Activity:
Every line from the one holding "這款高仿Louis Vuit" through the one holding "Si aún no actualiza" in the data below must be returned exactly, both ends included, with pictures left out and nothing else added.

Data for processing:
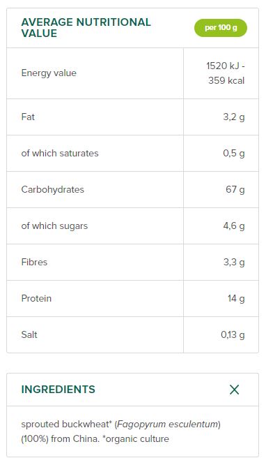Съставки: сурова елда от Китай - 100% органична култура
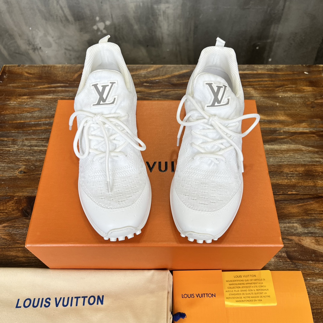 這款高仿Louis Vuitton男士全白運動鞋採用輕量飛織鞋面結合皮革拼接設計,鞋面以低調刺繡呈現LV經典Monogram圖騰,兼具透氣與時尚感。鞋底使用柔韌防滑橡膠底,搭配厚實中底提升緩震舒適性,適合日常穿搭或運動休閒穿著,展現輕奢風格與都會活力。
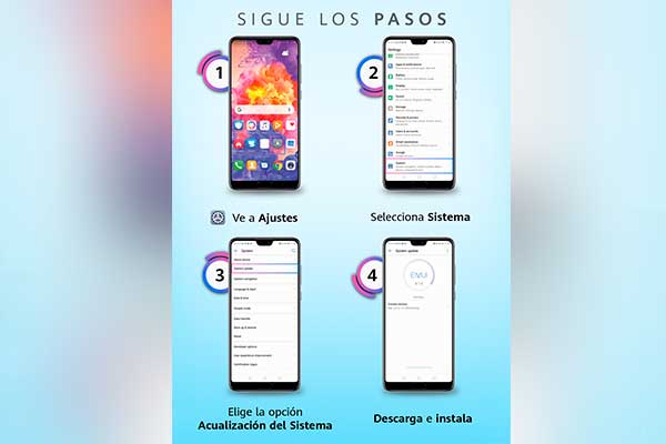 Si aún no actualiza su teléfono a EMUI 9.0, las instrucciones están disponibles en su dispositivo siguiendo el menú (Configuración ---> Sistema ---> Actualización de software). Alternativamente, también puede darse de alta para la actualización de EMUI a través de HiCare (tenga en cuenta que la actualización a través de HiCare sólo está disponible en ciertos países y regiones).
---
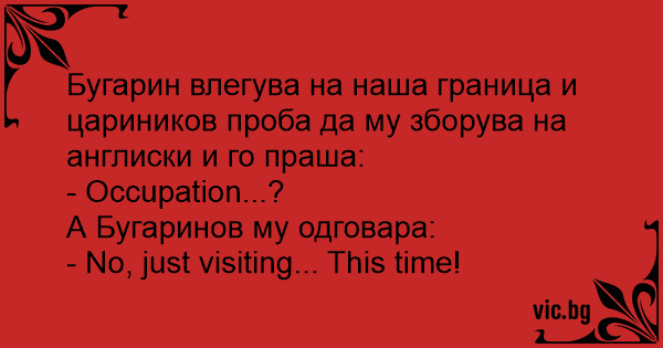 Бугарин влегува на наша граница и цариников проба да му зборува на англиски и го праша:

Reply:
 這款高仿Louis Vuitton男士全白運動鞋採用輕量飛織鞋面結合皮革拼接設計,鞋面以低調刺繡呈現LV經典Monogram圖騰,兼具透氣與時尚感。鞋底使用柔韌防滑橡膠底,搭配厚實中底提升緩震舒適性,適合日常穿搭或運動休閒穿著,展現輕奢風格與都會活力。
 Si aún no actualiza su teléfono a EMUI 9.0, las instrucciones están disponibles en su dispositivo siguiendo el menú (Configuración ---> Sistema ---> Actualización de software). Alternativamente, también puede darse de alta para la actualización de EMUI a través de HiCare (tenga en cuenta que la actualización a través de HiCare sólo está disponible en ciertos países y regiones).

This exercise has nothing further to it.